### INFORMATION
*** Begin section ***
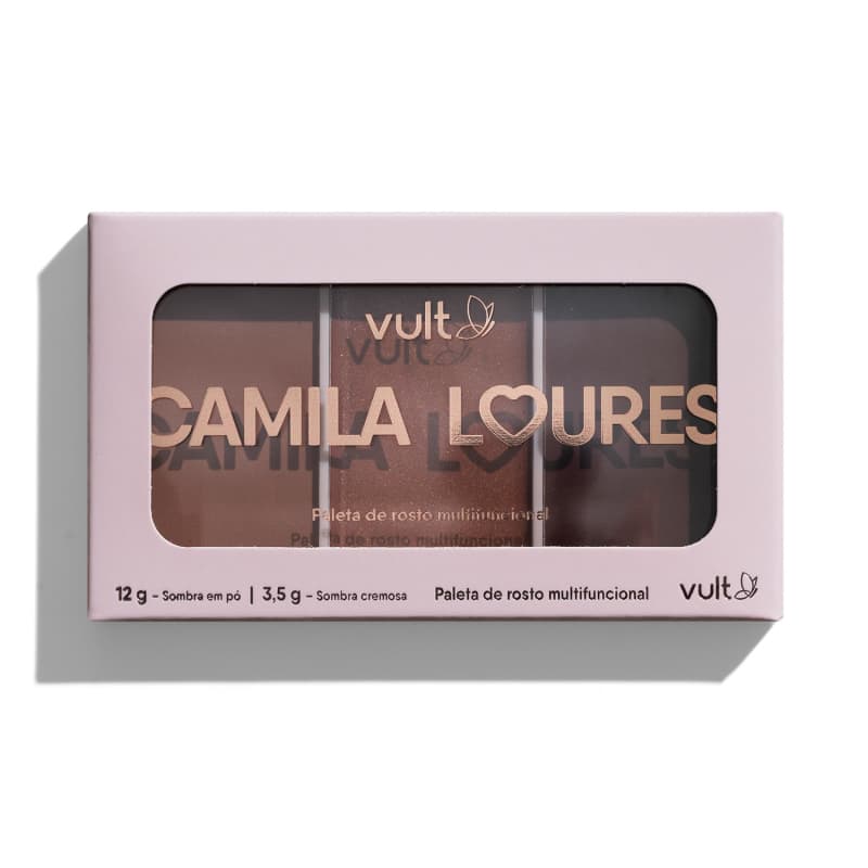 Em edição limitada, a Paleta de Rosto Multifuncional Camila Loures vai valorizar a sua make com modernidade e atitude. Super versátil, ela possui 3 tons diferentes, que pigmentam diversos tons de pele, sendo 2 cores em pó com acabamento matte aveludado, e 1 cor cremosa com partículas de brilho sofisticadas. Você pode combinar os tons à vontade nos olhos e no rosto!
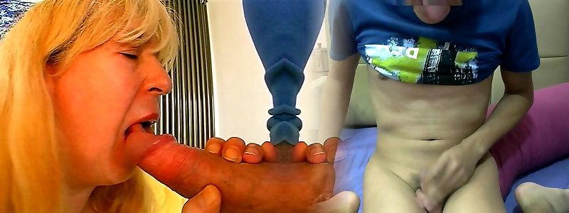 stepmum enseña a la chica a chupar la polla
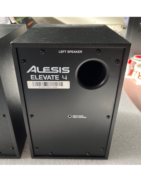 Elevate 4 è una coppia di monitor dalle dimensioni contenute che si aggiungono alla fortunata serie di diffusori multimediali progettati per l'home studio dalla Americana Alesis. Amplificate con 40W RMS generati da un finale di potenza in Classe AB integrato in uno dei cabinet in legno multistrato dalla elegante finitura color nero, questa coppia di casse vede la presenza su ciascun diffusore di un woofer da 4" e di un tweeter a cupola da 1" inserito in una guida d'onda progettata per una miglior rappresentazione dell'immagine stereo. Nel pannello frontale del primo monitor (ove è collocato l'ampli) avremo un potenziometro per il controllo del volume, che funge altresì da interruttore per l'accensione/spegnimento. Gli ingressi stereo RCA sono collocati nel pannello posteriore del monitor alimentato, mentre la presa cuffia da 1/8" è anch'essa collocata nel pannello frontale. L'interconnessione tra i due monitor (attivo e passivo) avviene mediante un cavo fornito in dotazione. Presenti connessioni bilanciate su prese jack TRS da 1/4" e un'uscita dedicata alla connessione ad un subwoofer amplificato opzionale.
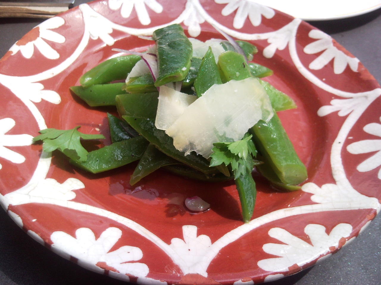 Runner bean, red onion & Berkswell salad
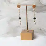 Pendientes con base redonda de acero inox dorado, con cadeneta de perlas mini y piedras en azul noche.
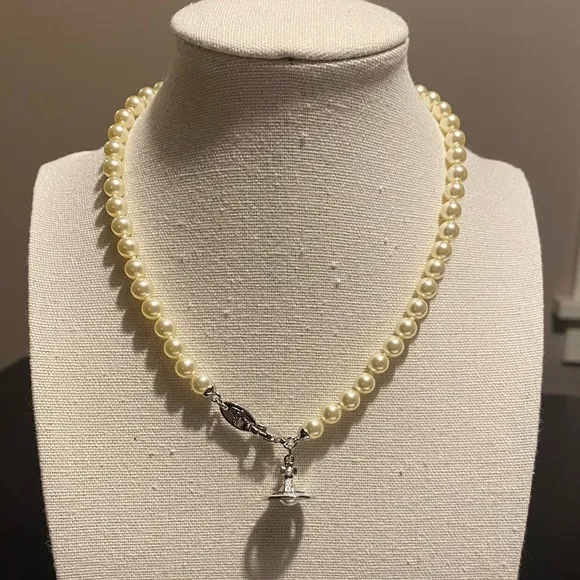 Vivienne Westwood faux pearl and Saturn orb pendant choker, new. Silver - $98 New With Tags - From Chris
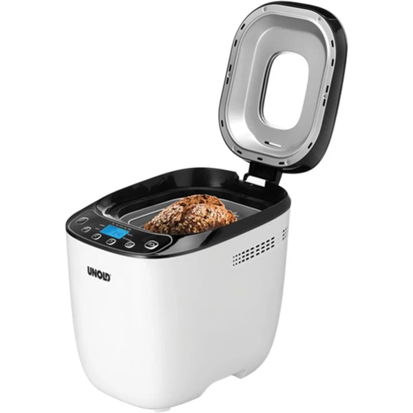 Der Backmeister Design von Unold bringt den frischen Duft nach Brot in die Küche. Mit seinem modernen Cool-Touch-Gehäuse in der Farbe Weiß passt er in jeden Haushalt. Über das benutzerfreundliche LCD-Display mit Soft-Touch- Bedienelementen kann man unter den 12 Programmen, davon eins für Marmelade und eins für glutenfreies Brot, die passende Brotsorte auswählen. Funktionen wie eine Zeitwahltaste, die Warmhaltefunktion sowie der Bräunungsgrad setzen keine Grenzen für das individuelle Brot. Wer es nicht abwarten kann, darf seinem Brot durch das große Sichtfenster beim Backen zusehen.Art.-Nr.: 1385475
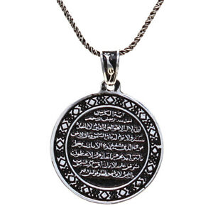 【送料無料】アクセサリー ネックレス ラウンドシルバークルアーンチェーンネックレスイスラムイスラムrotondo argento 925 ayatul kursi quran sura collana catena islamico musulmano
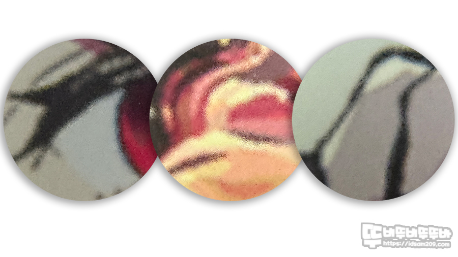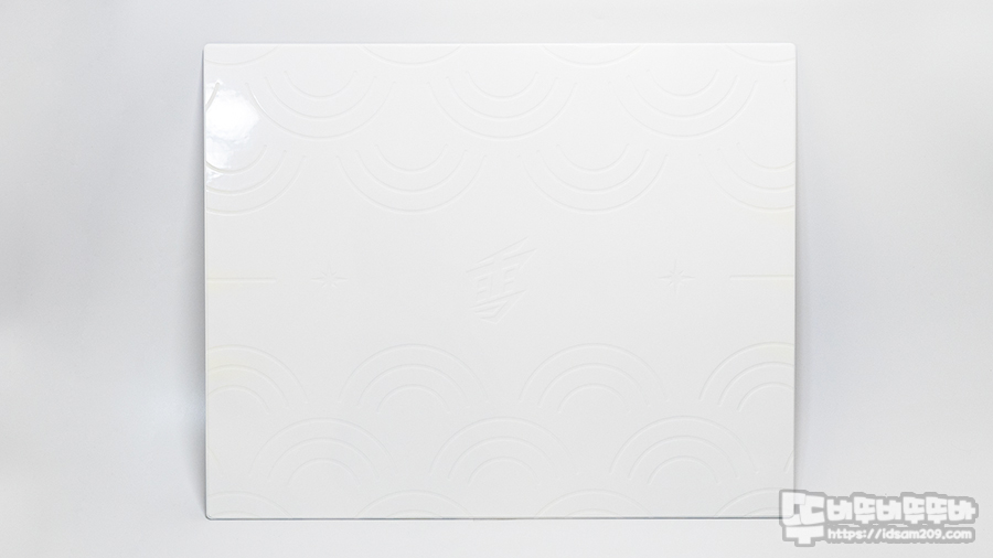 제품의 표면을 확대해 보면 대부분의 강화유리 패드가 그러하듯 표면의 질감에 뒷면에 부착된 이미지가 투영되는 형태를 확인할 수 있습니다.
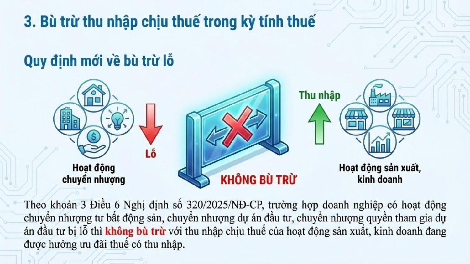 Về xác định thu nhập chịu thuế (Điều 6): Sửa đổi, bổ sung quy định cho phép doanh nghiệp được bù trừ lãi, lỗ từ hoạt động chuyển nhượng bất động sản, chuyển nhượng dự án đầu tư, chuyển nhượng quyền tham gia dự án đầu tư với lãi, lỗ từ hoạt động sản xuất, kinh doanh, trừ hoạt động sản xuất, kinh doanh đang được hưởng ưu đãi thuế.
*** End section ***
### YOUR INSTRUCTIONS
Starting with the first line of the data above and ending with the line containing "stepmum enseña a la chica a chupar la polla", please restate every line exactly, leaving images out.

### EXPECTED ANSWER
 Em edição limitada, a Paleta de Rosto Multifuncional Camila Loures vai valorizar a sua make com modernidade e atitude. Super versátil, ela possui 3 tons diferentes, que pigmentam diversos tons de pele, sendo 2 cores em pó com acabamento matte aveludado, e 1 cor cremosa com partículas de brilho sofisticadas. Você pode combinar os tons à vontade nos olhos e no rosto!
 stepmum enseña a la chica a chupar la polla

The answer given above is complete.